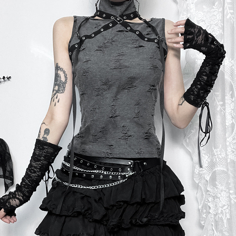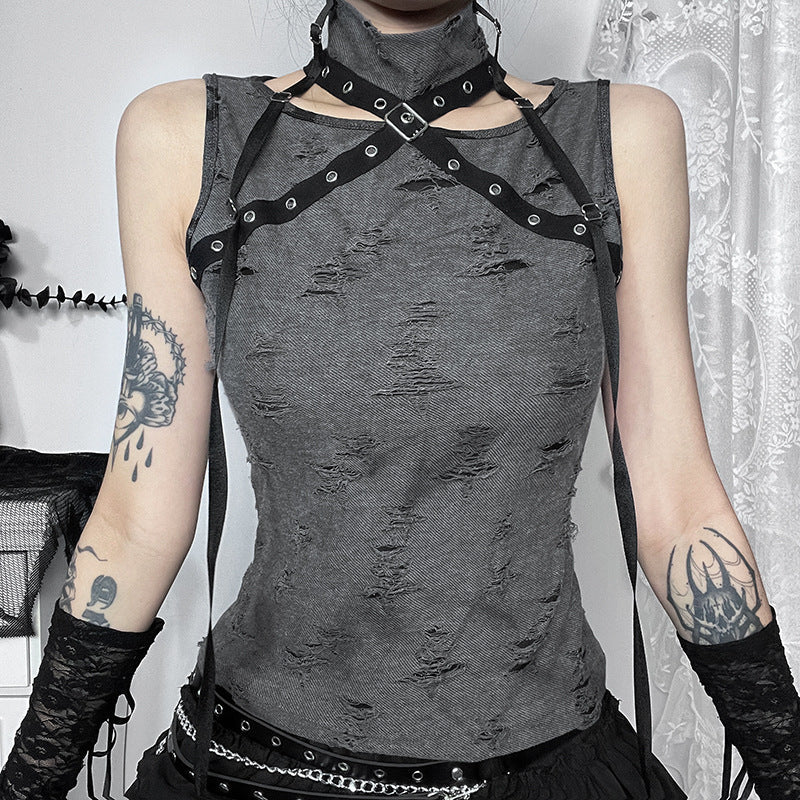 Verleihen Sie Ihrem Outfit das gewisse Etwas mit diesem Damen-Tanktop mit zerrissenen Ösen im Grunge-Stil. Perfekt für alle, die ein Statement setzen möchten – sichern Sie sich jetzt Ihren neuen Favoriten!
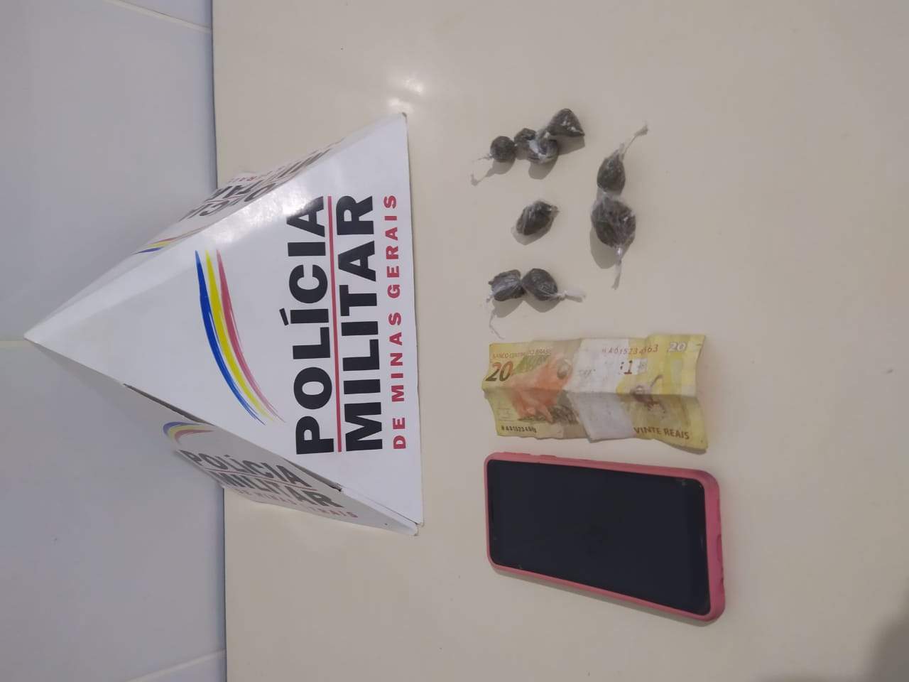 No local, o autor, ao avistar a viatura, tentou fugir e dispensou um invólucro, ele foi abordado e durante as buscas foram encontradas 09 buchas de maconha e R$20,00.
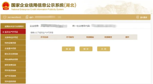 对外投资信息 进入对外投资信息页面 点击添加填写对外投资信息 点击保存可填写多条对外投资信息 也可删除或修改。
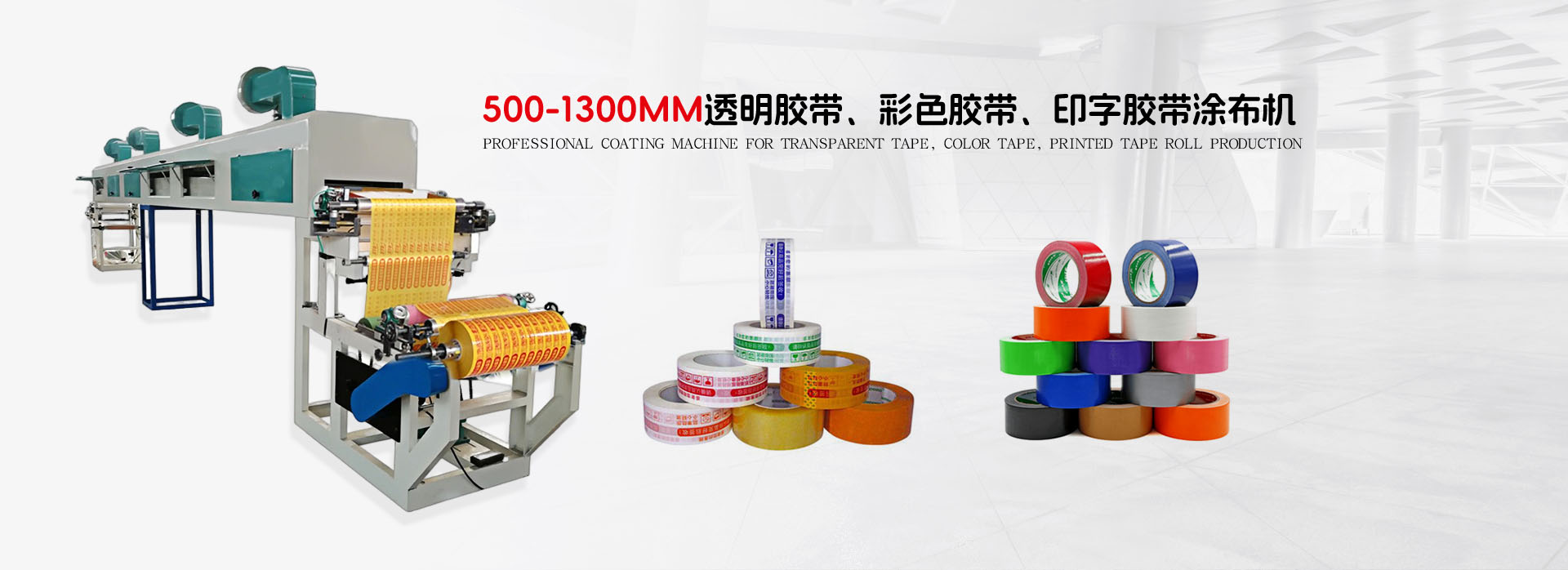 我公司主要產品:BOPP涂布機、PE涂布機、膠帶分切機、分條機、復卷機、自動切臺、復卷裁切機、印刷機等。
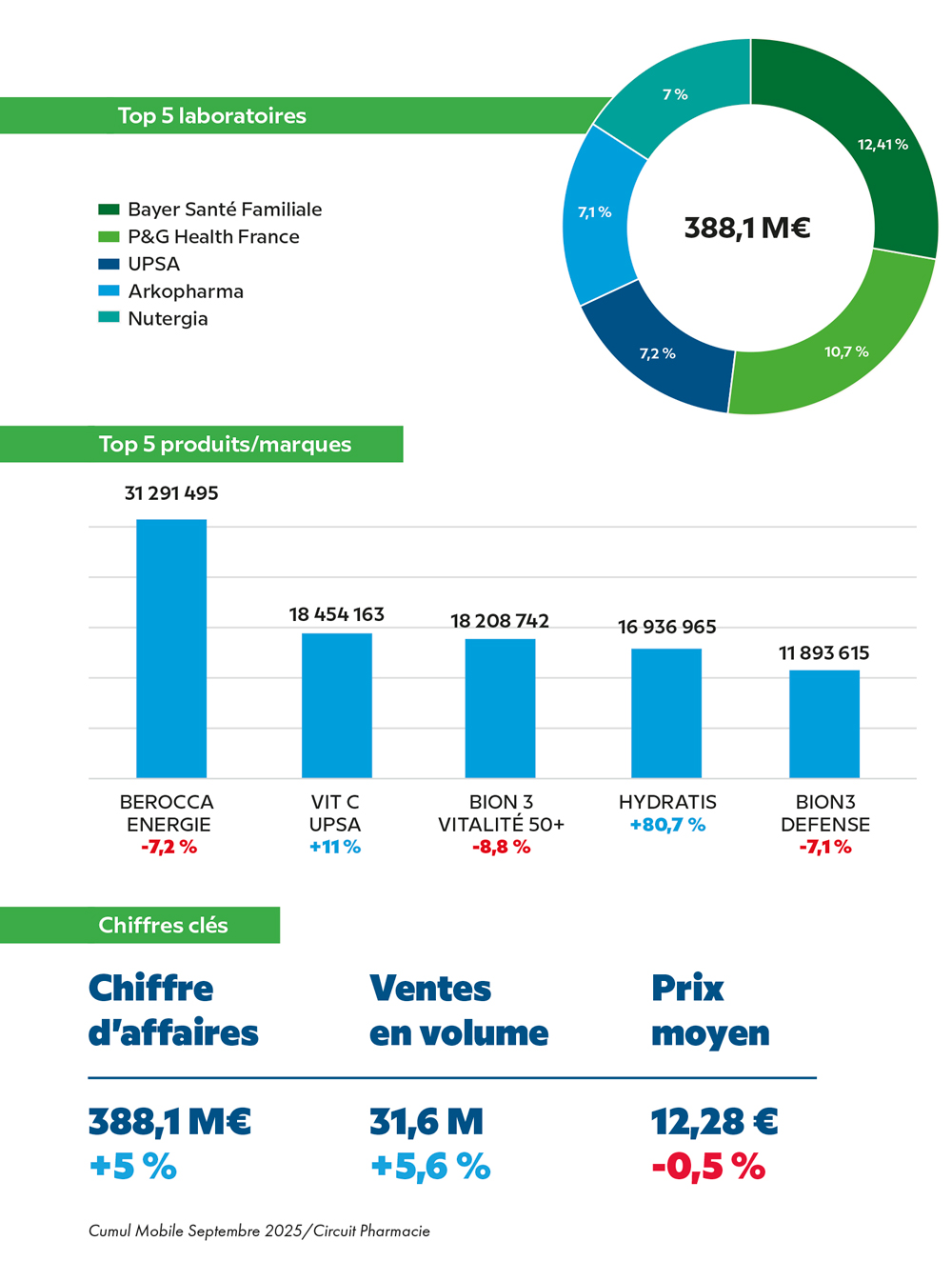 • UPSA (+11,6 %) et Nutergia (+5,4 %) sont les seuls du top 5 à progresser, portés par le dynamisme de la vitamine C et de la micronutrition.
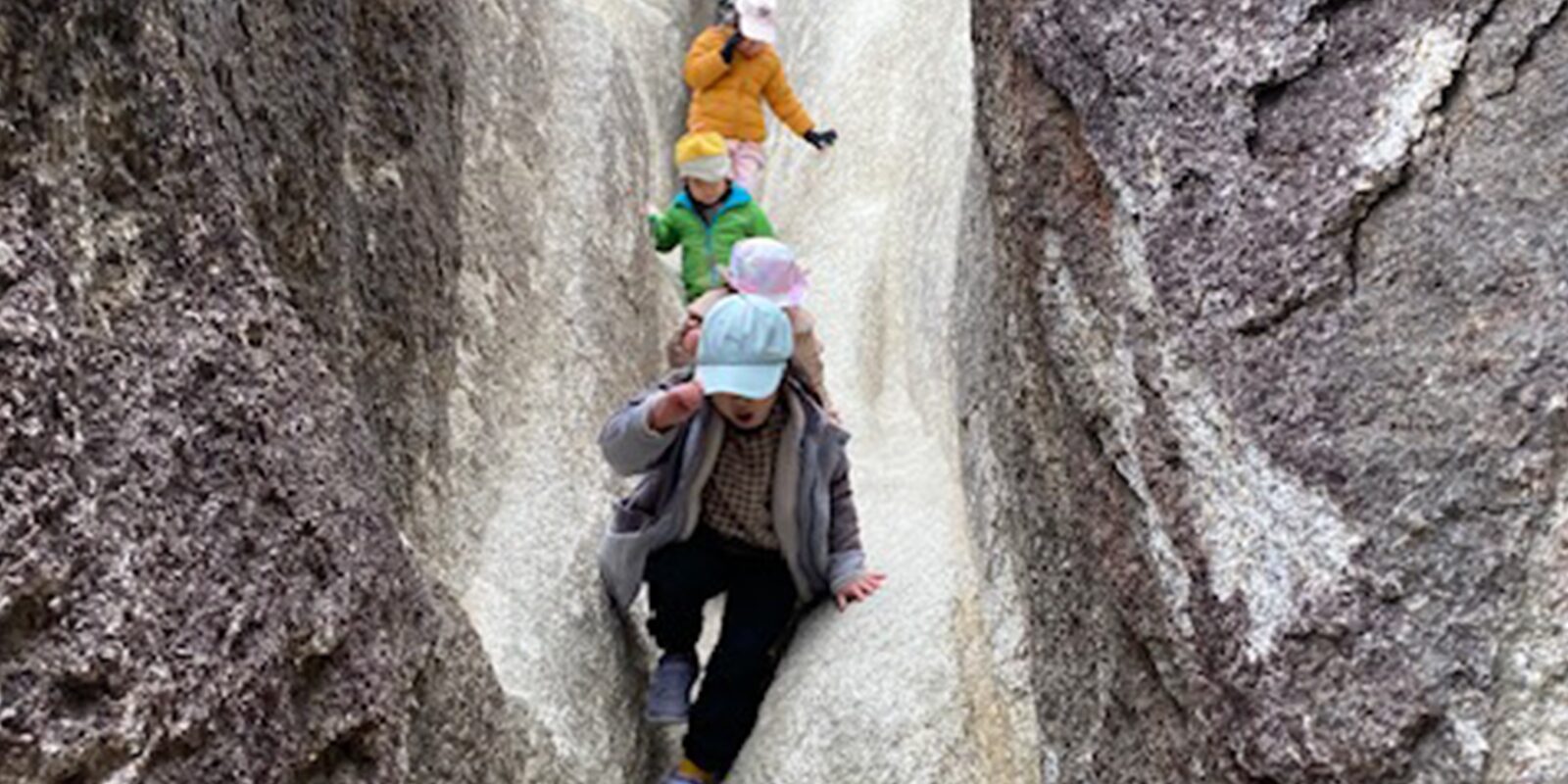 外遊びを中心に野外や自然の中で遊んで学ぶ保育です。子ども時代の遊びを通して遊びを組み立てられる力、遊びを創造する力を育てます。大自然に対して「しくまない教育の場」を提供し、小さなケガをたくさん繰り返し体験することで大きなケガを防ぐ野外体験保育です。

_ _ _ _ _ _ _

Please set down the records above verbatim, with each picture left out.

 Verleihen Sie Ihrem Outfit das gewisse Etwas mit diesem Damen-Tanktop mit zerrissenen Ösen im Grunge-Stil. Perfekt für alle, die ein Statement setzen möchten – sichern Sie sich jetzt Ihren neuen Favoriten!
 No local, o autor, ao avistar a viatura, tentou fugir e dispensou um invólucro, ele foi abordado e durante as buscas foram encontradas 09 buchas de maconha e R$20,00.
 对外投资信息 进入对外投资信息页面 点击添加填写对外投资信息 点击保存可填写多条对外投资信息 也可删除或修改。
 我公司主要產品:BOPP涂布機、PE涂布機、膠帶分切機、分條機、復卷機、自動切臺、復卷裁切機、印刷機等。
 • UPSA (+11,6 %) et Nutergia (+5,4 %) sont les seuls du top 5 à progresser, portés par le dynamisme de la vitamine C et de la micronutrition.
 外遊びを中心に野外や自然の中で遊んで学ぶ保育です。子ども時代の遊びを通して遊びを組み立てられる力、遊びを創造する力を育てます。大自然に対して「しくまない教育の場」を提供し、小さなケガをたくさん繰り返し体験することで大きなケガを防ぐ野外体験保育です。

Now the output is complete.